The honest framing: local inference is a privacy primitive, not a privacy product. It removes one specific category of leak. Whether the rest of your system also stops leaking depends on choices you make below the runtime — which is what this guide is about. The opinionated learning path that walks the same ground end-to-end is at /paths/privacy-first; the broader local-vs-cloud framing is in /guides/why-run-ai-locally-instead-of-chatgpt and /compare/local-vs-cloud.
What “local” actually buys you
Five concrete properties, none of which require trust in a vendor.
- No prompt egress to a third party. Your conversations are not crossing a network boundary on the inference path. A cloud provider cannot log, retain, train on, or be compelled to disclose what they never received.
- No output egress to a third party. Same property in the other direction. The model's response stays on the same machine that sent the prompt.
- No conditional access. The provider can't change the safety policy, raise the price, deprecate the model, or rate-limit you. The weights you have are the weights you have.
- Reproducibility. Same prompt, same seed, same weights, same machine produces the same output. This is a property cloud APIs do not give you and one auditors increasingly want.
- Air-gap-able. A correctly configured local stack runs with the network unplugged. Cloud cannot make this claim, even with VPC isolation.
These are real and they are why the privacy-first path exists. None of them constitute “privacy” on their own.

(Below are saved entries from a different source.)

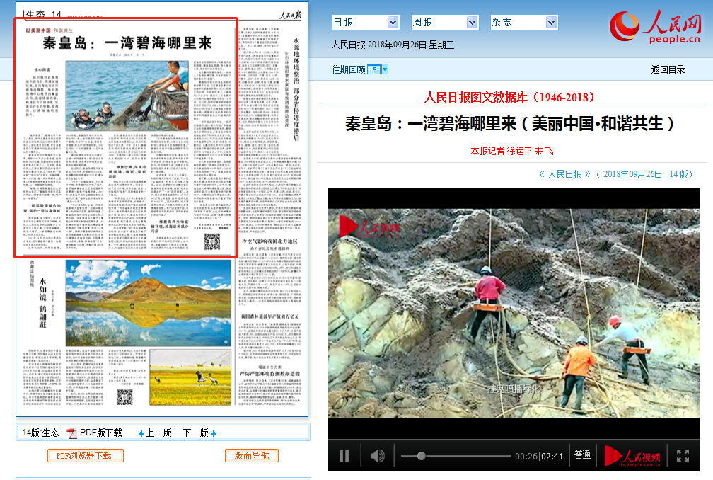 人民日报:秦皇岛:一湾碧海哪里来(美丽中国·和谐共生)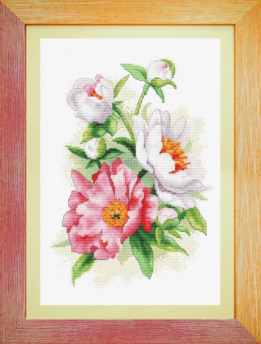 Набор для вышивки крестом Садовые пионы, VN-052, ТМ OLanTA (Картины Бисером) содержит канву Aida Zweigart 16, мулине DMC, иглу и схему для вышивки крестом.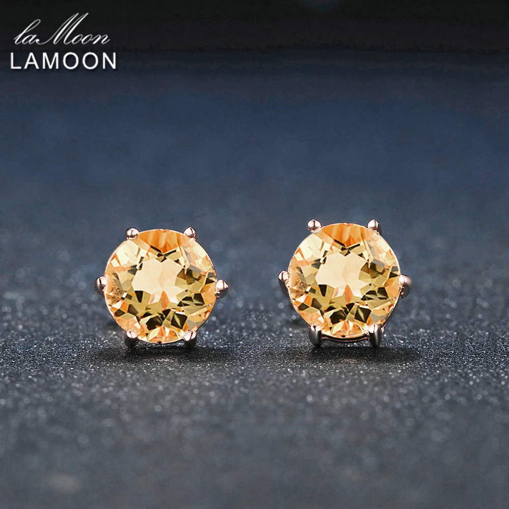Lamoon 7 мм 1.2ct круглый натуральный цитрин 925 пробы серебро простой Стад Серьги S925 для Для женщин LMEI027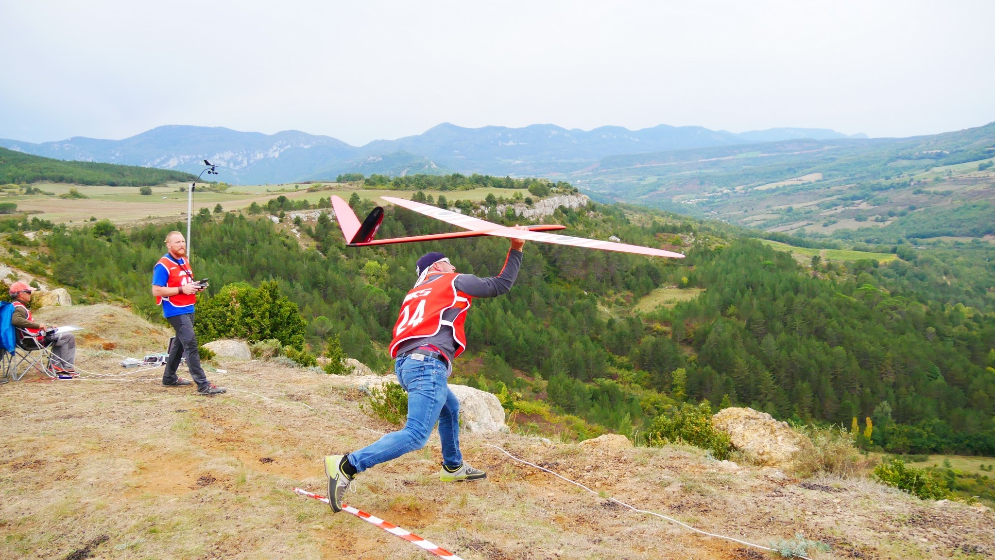 Championnat du Monde pour planeur télécommandé en vol de pente sur les pentes autour de Limoux. Des planeurs de 3m d’envergure évoluent sur des pentes, propulsé par le vent dans une épreuve de vitesse, allent jusqu’à 200km/h selon les conditions de vent.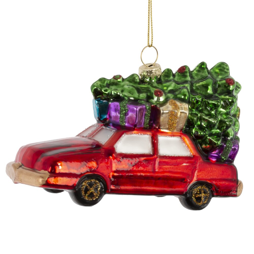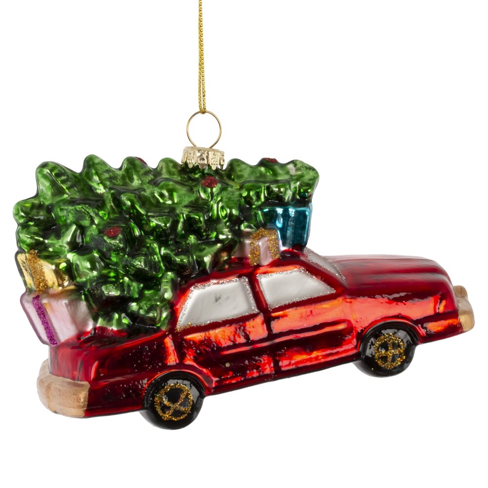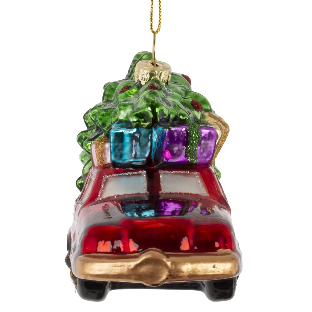 Яркое и ностальгическое украшение из стекла — красная машина с пушистой ёлкой на крыше — воплощает атмосферу настоящего семейного праздника. Игрушка выполнена с тонкой проработкой деталей: блестящая поверхность кузова, сияющие элементы декора и реалистичная ёлочка создают эффект тёплого новогоднего путешествия. Мерцающий шиммер добавляет волшебства, отражаясь в огоньках гирлянд. Эта стеклянная фигурка станет ярким акцентом на вашей ёлке, вызывая улыбку и создавая ощущение уюта, радости и приближающегося чуда. Идеальный выбор для тех, кто ценит традиции и душевный праздничный декор.

What a local stack still leaks
Six categories operators routinely miss when they assume “local” means “private.”
1. Runtime telemetry and update checks. Some runtimes phone home for version checks, crash reports, or anonymous usage metrics. Even when these payloads contain no prompt content, they reveal that you are running the runtime, what version, and what model file path. This is fingerprinting-grade metadata. Section below has the per-runtime breakdown.
2. Model and tokenizer downloads. Pulling a model from Hugging Face or Ollama's registry is an HTTPS request to a server that knows your IP address, the model name, and the timestamp. The download itself is encrypted; the fact that the download happened is not.
3. The RAG store. If you indexed your client work, your medical records, or your tax docs into Chroma or Qdrant, the resulting vector database is structurally a high-value target. It is on disk, in the clear by default, and trivially queryable by anything with read access. The model is a generic 8 GB file; the RAG store is your life.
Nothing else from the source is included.